Textron reported a lower-than-expected quarterly profit on Thursday, hit by a drop in sales of its turboprop aircraft as well as flat deliveries of its flagship Cessna business jets, sending shares down 10 percent.
Textron delivered just 41 business jets in the third quarter ended Sept. 29, flat compared to a year ago after growing in each of the first two quarters of this year.
Turboprop sales sank to 43 planes from 57 a year earlier, reducing revenue in the company’s main Aviation unit by 2 percent and helping drag profit down to 61 cents per share, well below Wall Street’s estimate of 76 cents.

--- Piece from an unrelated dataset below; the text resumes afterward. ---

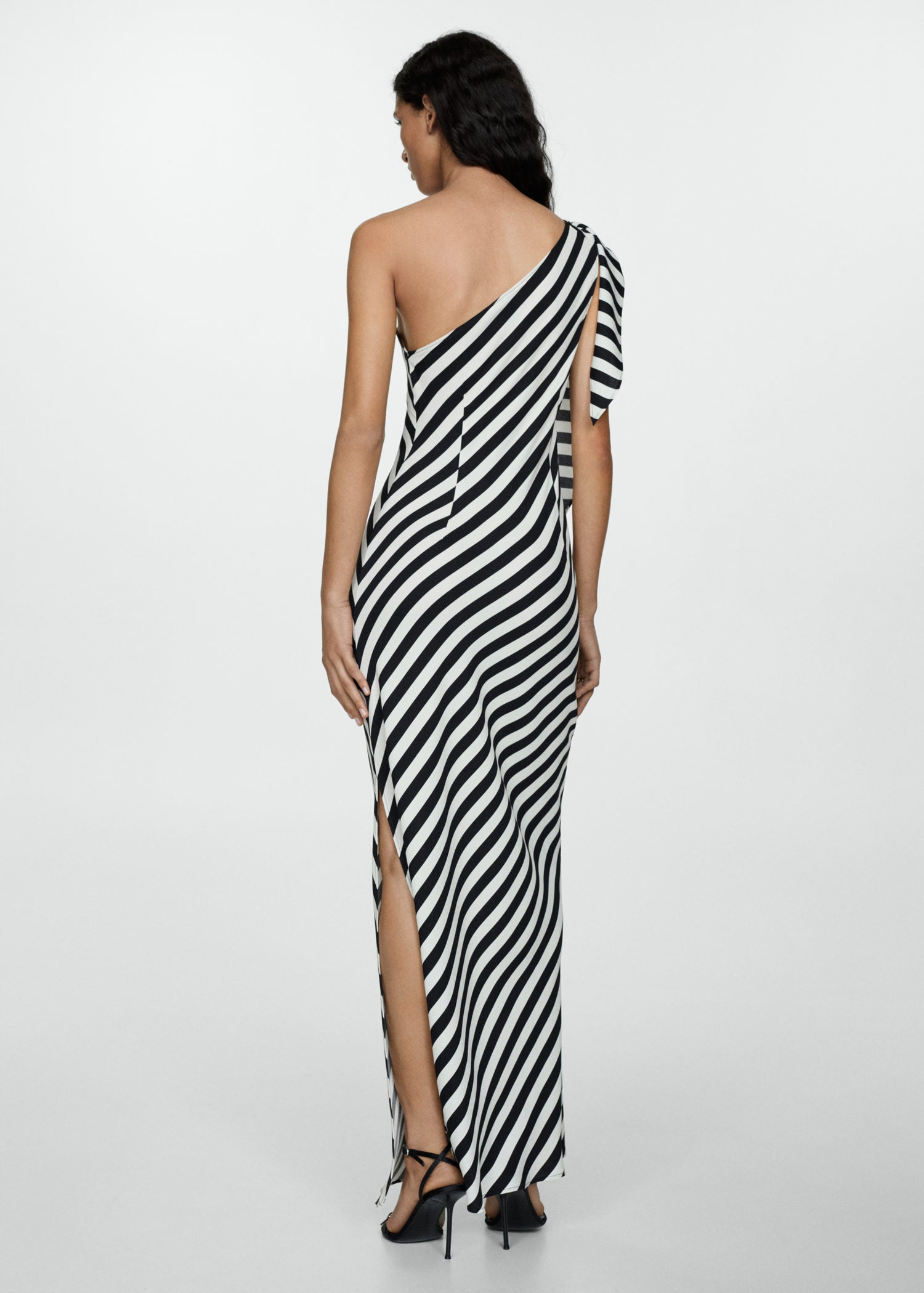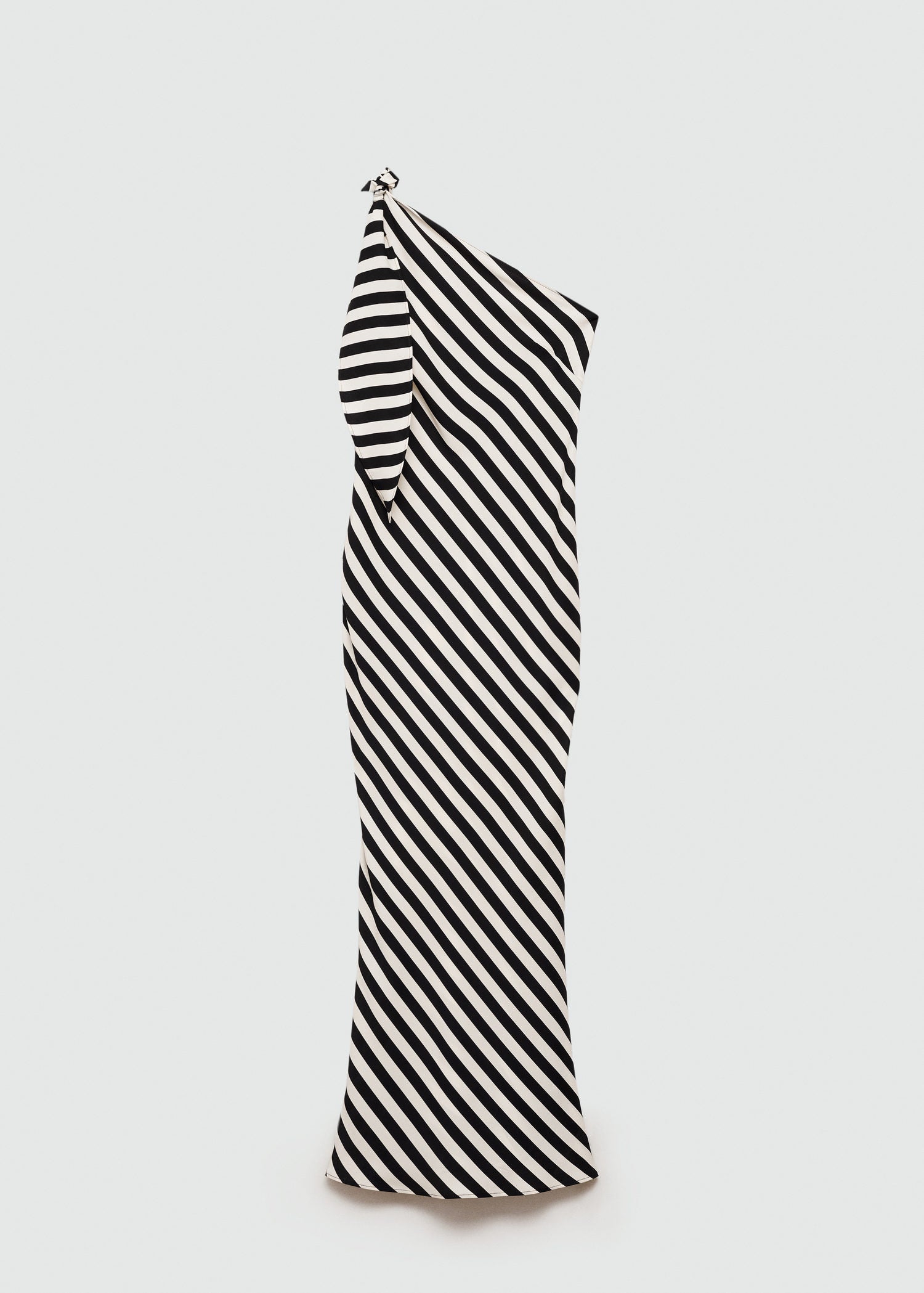 Colección fiesta y ceremonia,Estampado de rayas,Tejido fluido,Tirante ancho,Escote asimétrico,Tirantes con cierre de nudo,Diseño largo,Sin mangas,Diseño entallado

Worldwide business jet sales took a hit during the financial crisis and have struggled to recover since, with 2017 aircraft deliveries only around half a peak of 1,317 hit in 2008.
Numbers had finally begun to improve, however, driven by tax windfall handed to corporate America by U.S. President Donald Trumpin January and jet sales are expected to rise 8 percent in 2019.
“Investor reaction to this miss likely will be keyed to management color on aviation demand,” Cowen & Co. analyst Cai von Rumohr said in a note.
The company was starting a call with analysts on the results at 8 a.m. ET.
Sales in Textron’s industrial products unit, which makes all-terrain vehicles, golf cars, and snowmobiles, fell 10.7 percent to $930 million, mainly due to the sale of its tools and test equipment business to Emerson Electric.
Sales in the company’s systems business also fell 5.2 percent to $770 million, hurt by lower deliveries of tactical armoured patrol vehicles. The unit also makes unmanned aircraft and flight simulators.
Total revenue fell about 8.2 percent to $3.20 billion, missing analysts’ average estimate of $3.53 billion, according to Refinitiv data.
The company also narrowed its 2018 earnings per share forecast to a range of $3.20 to $3.30, from $3.15 to $3.35.